Given information START
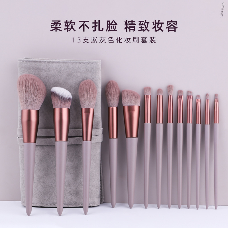 新型の柔らかい毛の紫の灰色の13本の化粧のブラシのセットの散粉の斜めの頭のファンデーションのカバーのチークはアイライナーのブラシを修理します。
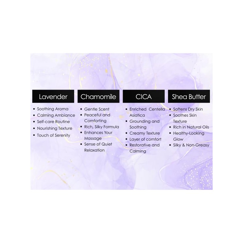 Essentially KateS Lavender + Chamomile + CICA Massage Cream Lotion 4 Fl Oz - Medium Glide - Calming, Soothing, Relaxing, Hydrating.
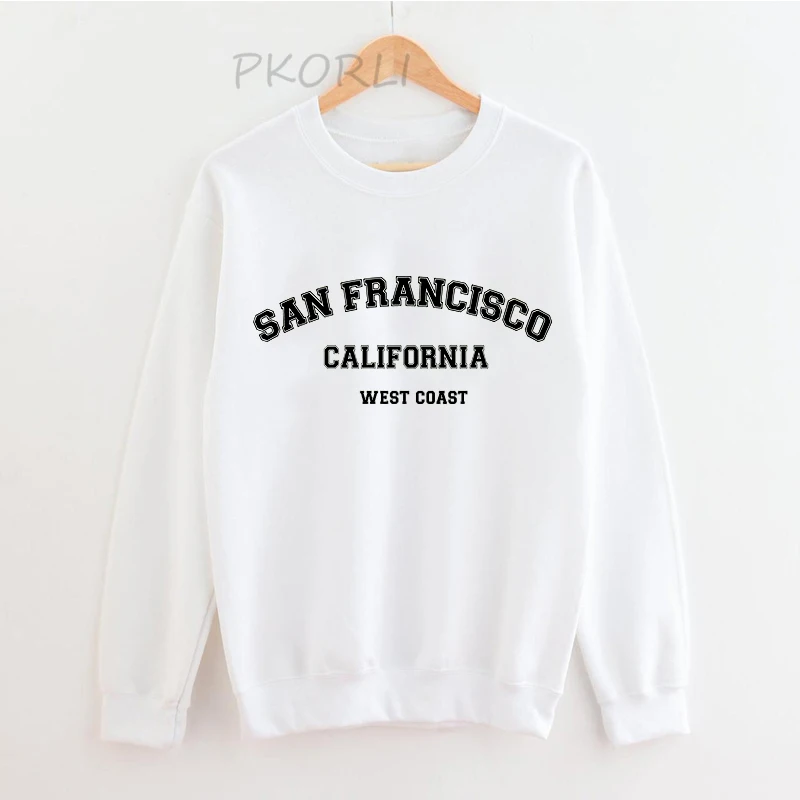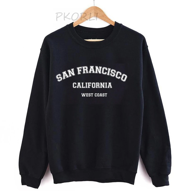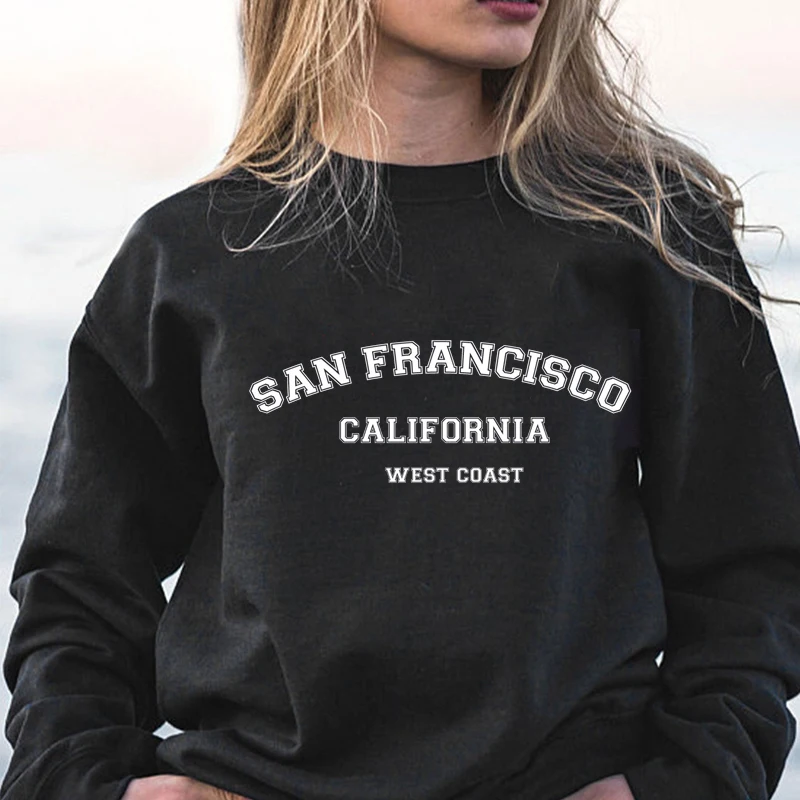 Свитшот с круглым вырезом в стиле Сан-Франциско, пуловер Калифорния, толстовка с длинным рукавом, уличная одежда в стиле Харадзюку, женская зимняя одежда
Given information END
# What this task involves:
Only the lines from the top of the material through the line containing "Essentially KateS Lavender" should be written out, exactly and without pictures.

# Response area:
 新型の柔らかい毛の紫の灰色の13本の化粧のブラシのセットの散粉の斜めの頭のファンデーションのカバーのチークはアイライナーのブラシを修理します。
 Essentially KateS Lavender + Chamomile + CICA Massage Cream Lotion 4 Fl Oz - Medium Glide - Calming, Soothing, Relaxing, Hydrating.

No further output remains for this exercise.